Al-Utaibi, D., Saudi Aramco
Al-Dandan, H., Saudi Aramco

In the oil and gas industry, the energy demands of heat, steam, power and fuel is highly dependent to the oil or gas processed by the facility. The utilities’ system design for those facilities normally built to account for the maximum operating rates. However, the plants sometimes operate at partial loading and because of the reliability constraints, boilers operate at minimum loading resulting to having some wasted steam passing over finfan condensers. Current models for optimizing the operation of utilities’ systems (Combined heat and Power Models) of a facility were being developed to look at the available operational modification changes in a facility yields to better performance, but in the partial loading the operational modifications are limited and sometimes not available. Partial loading leads to high energy consumption and wasting of valuable energy even with using optimization tools sometimes. In this paper, a new optimization technique is being introduced so that the overall energy consumption for the whole system of parallel facilities would be minimized. The idea here is basically extending the boundary of the optimization problem from a facility level a lone to optimizing a system of similar facilities. In house models were being built to come up with our findings.
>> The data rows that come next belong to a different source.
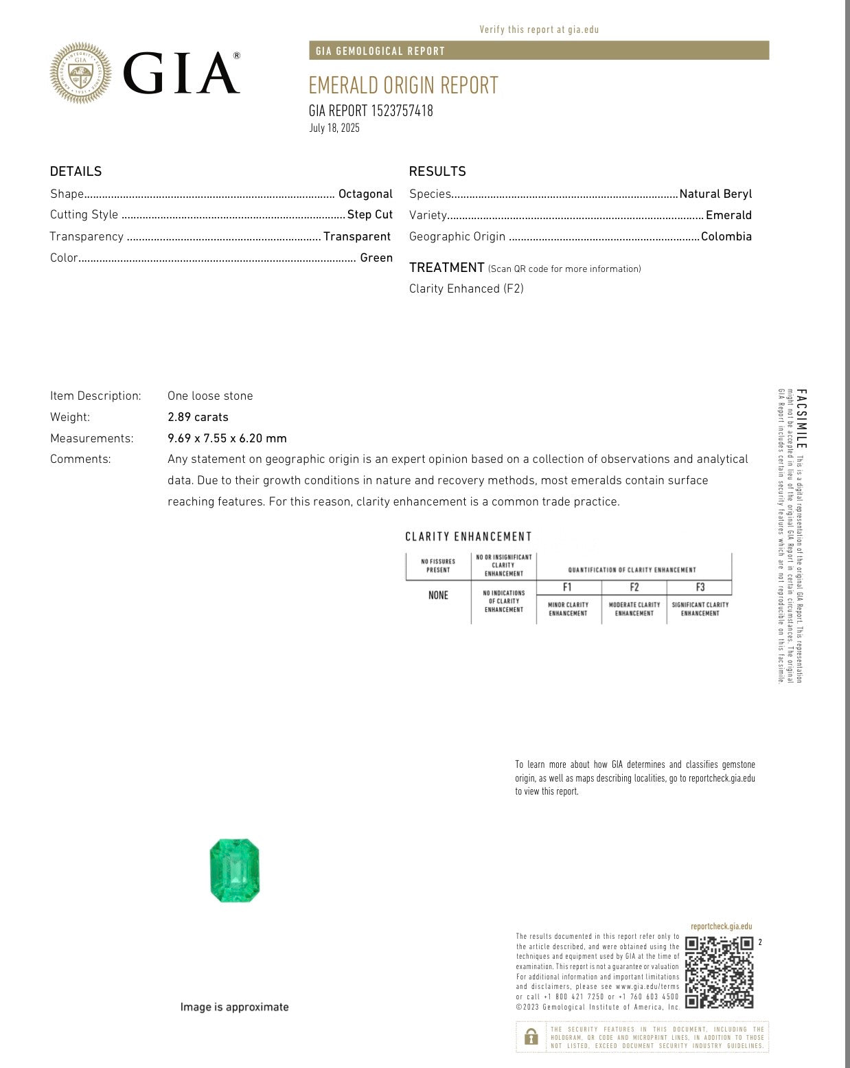 • 2.89 Cts Colombian Emerald in Emerald Cut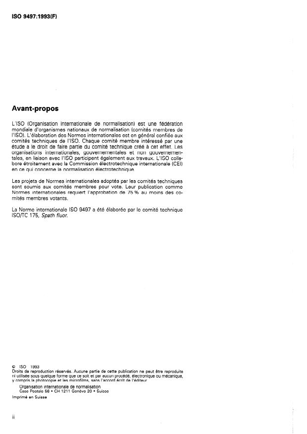 ISO 9497:1993 is a standard published by the International Organization for Standardization (ISO). Its full title is "Fluorspar — Experimental methods for evaluation of quality variation". This standard covers: Specifies experimental methods for the evaluation of quality variation of fluorspar lots from the same source. These methods are to be used in conjunction with the sampling procedures specified in ISO 8868.
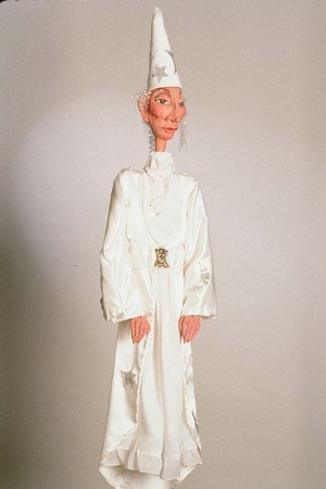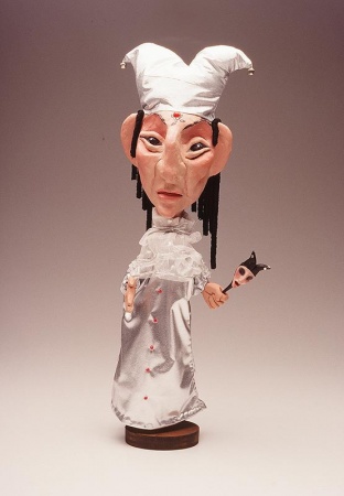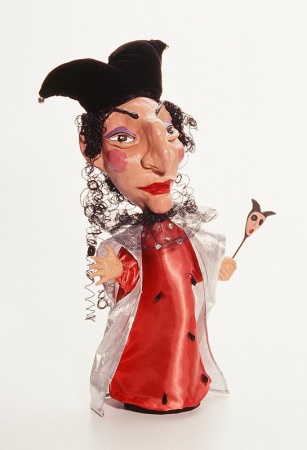 The jester, wizard, witch, bride and drummer hand puppets were made as decorative objects.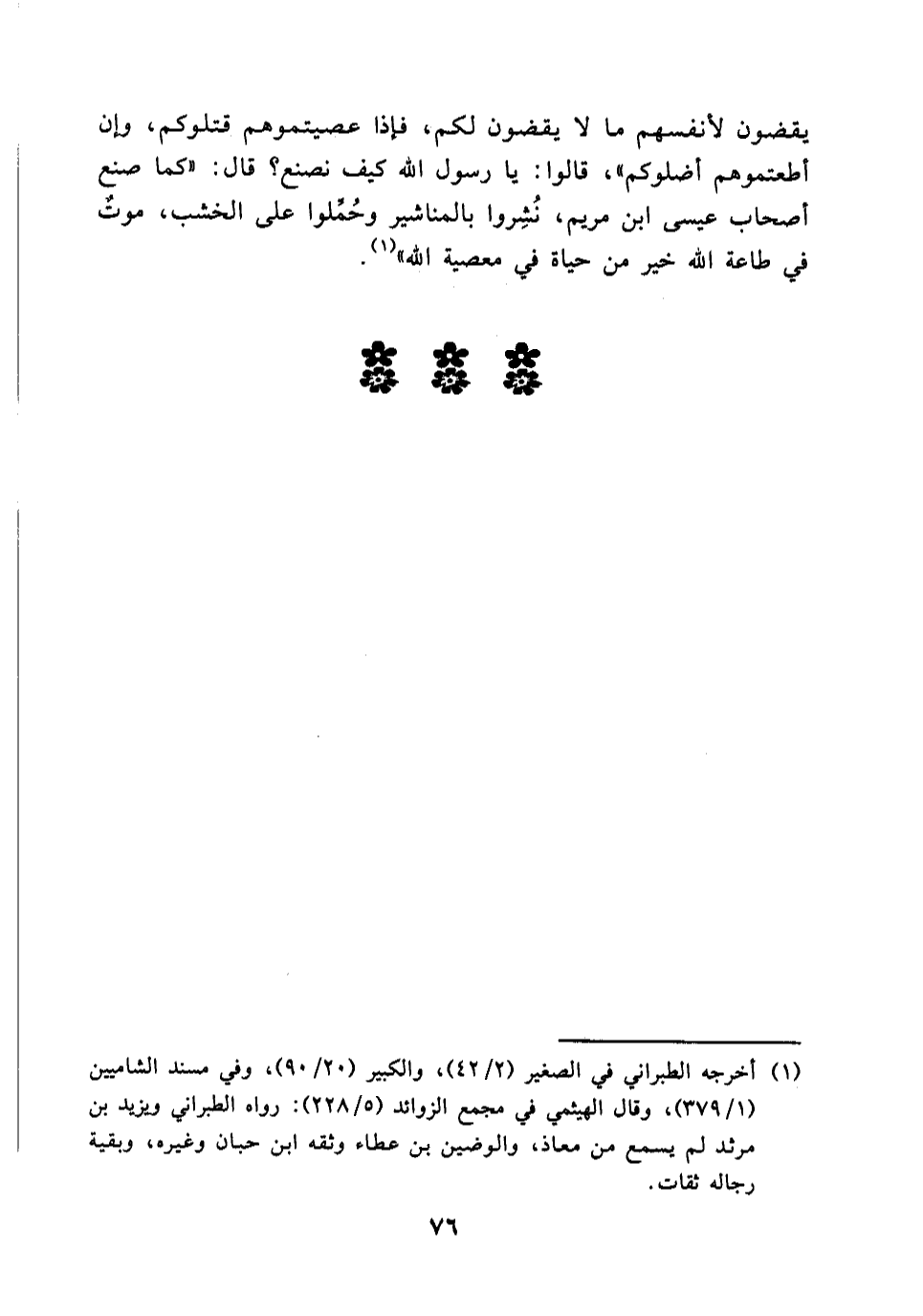 يقضون لأنفسهم مالا يقضون لكم، فإذا عصيتموهم قتلوكم، وإن أطعتموهم أضلوكم، قالوا: يا رسول الله كيف نصنع؟ قال: كما صنع أصحاب عيسى ابن مريم نشروا بالمناشير، وحملوا على الخشب، موتُُ في طاعة الله خير من حياة في معصية الله» (¬1) .

The complete set of models developed composed of: (2) Standalone models for utilities optimization (CHP optimization models) for each facility interacting with a planning model for allocating oil and gas production to each facility to meet certain oil and gas production needed. Energy correlations to relate energy requirements of a facility with the amount of gas or crude processed. These correlations were built using historical data of actual operation of those facilities. The analysis resulted in around 3% to 5% more energy savings compared to individual plants optimization.